The return of creditors' representatives to Athens this week coincides with the latest unofficial deadline of March 20 in order to conclude a second review of the Greek program, months after the process should have been completed.
The return of creditors' representatives to Athens this week coincides with the latest unofficial deadline of March 20 in order to conclude a second review of the Greek program, months after the process should have been completed.
The return comes after a compromise, initially hailed as a very beneficial "agreement" by the leftist Greek government, was achieved at last week's Eurogroup meeting between Athens and its institutional creditors.
Based on a torrent of official statements, unofficial briefings and copious press reports over recent weeks on the latest snag in a Greek bailout, several issues must now be resolved in a matter of days, including:
-- the taking of"prior actions", especially labor sector liberalization that the IMF insists on, and,
-- fiscal measures for after 2019-20, another standing demand by the IMF, which will probably be achieved via a lowering of the tax-free threshold and more pension cuts for specific castes of retirees -- prospects that the embattled government is loath to take. Conversely, the Tsipras government is expecting to claw back "off-set" measures to "sugarcoat" what are essentially more austerity measures.

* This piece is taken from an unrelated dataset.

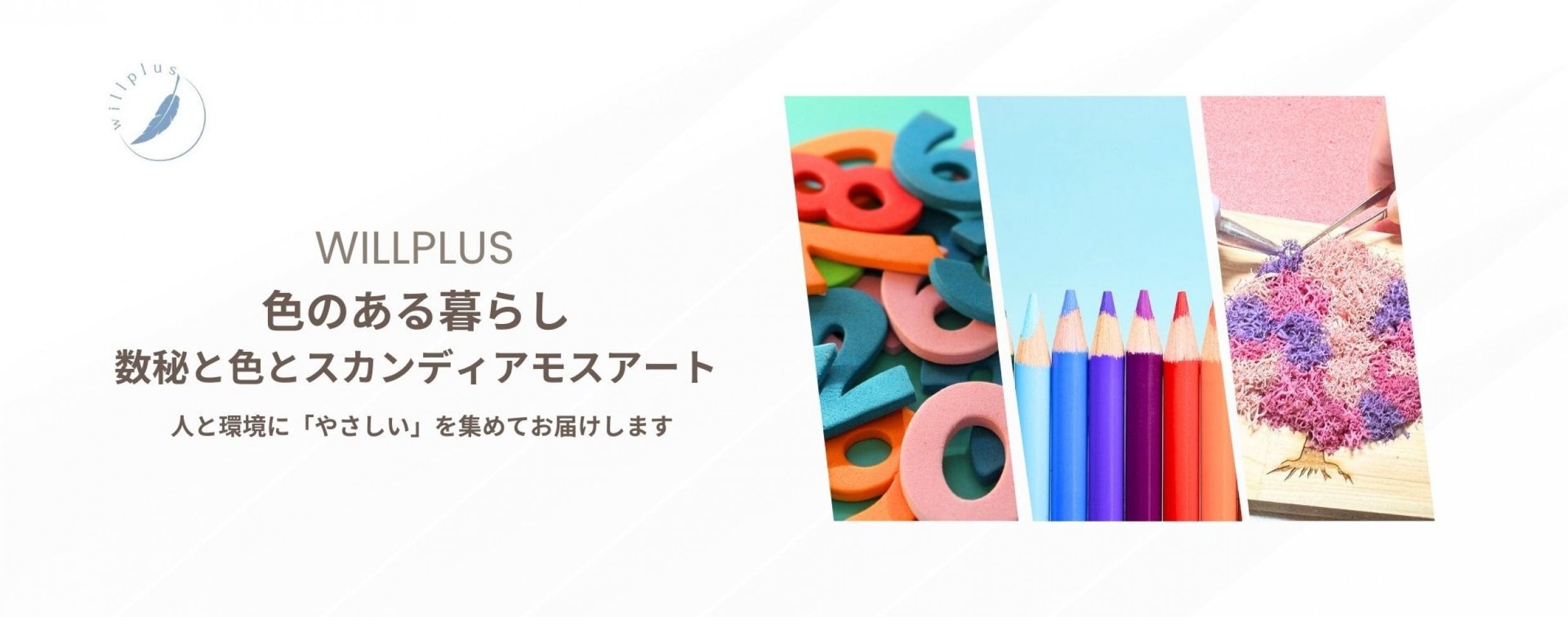 私たちwillplusは、色彩心理を経営戦略に!をコンセプトに、家族で事業を展開しています。家族社員それぞれの個の強みを生かし、デジタル×アナログ(数秘と色とスカンディアモスアート)で、家族も仕事も大事にして人生を豊かに生きるご提案しています。

The more-or-less hopeful mood accompanying the "Quartet's" return to Athens was expressed by EU Commission spokesman Margaritis Schinas on Monday, who expressed a certainty that solutions can be found in negotiations.
On his part, EU Commission Pierre Moscovici told the state-run news agency that what is necessary is a "balanced package of reforms", while adding that the still ambitious target of a 3.5-percent primary budget surplus for 2018 should be accompanied by support measures for the Greek economy on a long-term basis.